Say the market price of a tree had dropped to $1 from $5. If you can export a tree for -$1 and create a domestic shortage which causes a tree domestically to be worth +$4. You effectively double the value of a tree. ( hope the math is right just trying to make an example )
I am not sure why they didn't just cut less trees other than they probably had bids that would expire ( another policy problem ).
Exporting at a loss is often the prudent financial measure just because of market conditions, and it does have the effect of increasing domestic prices (as a third-order effect), but the way you're describing it happening isn't plausible.

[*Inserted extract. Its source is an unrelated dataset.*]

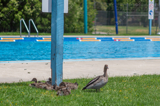 Mother Pacific Black Duck watches over some Ducklings at the Pool next to the market in Pakenham.

Do you have a citation that they're intentionally losing money in order to drive prices up to a target price? Because that, no offense, would be idiotic unless they have some kind of subsidization deal that would support it, as the export of any quantity of lumber even at break-even would not increase domestic prices enough to justify the losses of profit on that lumber if profit was available.
It sounds like the market is down, and they have lumber on hand, and it's better to sell at a loss and realize the revenue in most cases than to not sell at all.